Uniform V.S. Empirical

Figure 5: Comparison between uniform and empirical prior distribution

Figure 5 shows the comparison between uniform and empirical prior distribution in terms of ACC-AUC over sparsity levels from 0 to 0.3. TempME achieves the highest ACC-AUC when the prior belief of the explanation volume is in the range of $[0.3, 0.5]$ . Notably, TempME performs better with empirical prior distribution when $p$ is relatively small, resulting in sparser and more compact explanations. This improvement can be attributed to the incorporation of the null model, which highlights temporal motifs that differ significantly in frequency from the null model.

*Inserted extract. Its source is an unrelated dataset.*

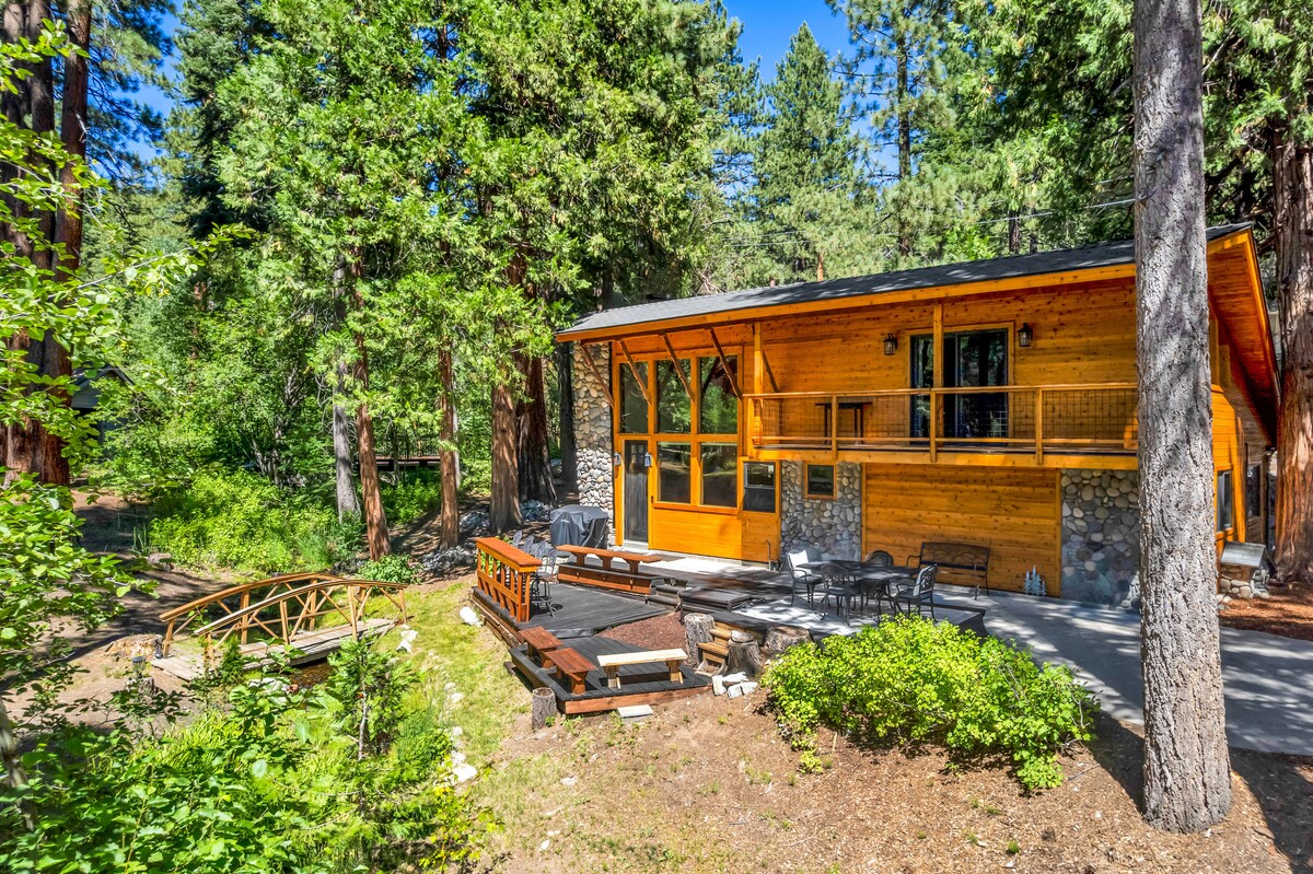 這棟 1970 年代的小木屋坐落於太浩湖西岸的樹林中,由藝術家打造,感覺就像您自己的樹屋一樣,而且距離一個安靜的社區碼頭和海灘只有 10 分鐘路程。 在湖邊或步道上度過美好時光,然後回到家中享受按摩浴缸、舒適的休息空間,以及可以觀星的天窗閣樓。 非常適合情侶、朋友或小家庭入住。

It is worth noting that when $p$ is close to 1, uniform prior distribution leads to deterministic existences of all temporal motifs while empirical prior distribution pushes the generated explanations towards the null model, which forms the reason for the ACC-AUC difference of empirical and uniform as $p$ approaches 1.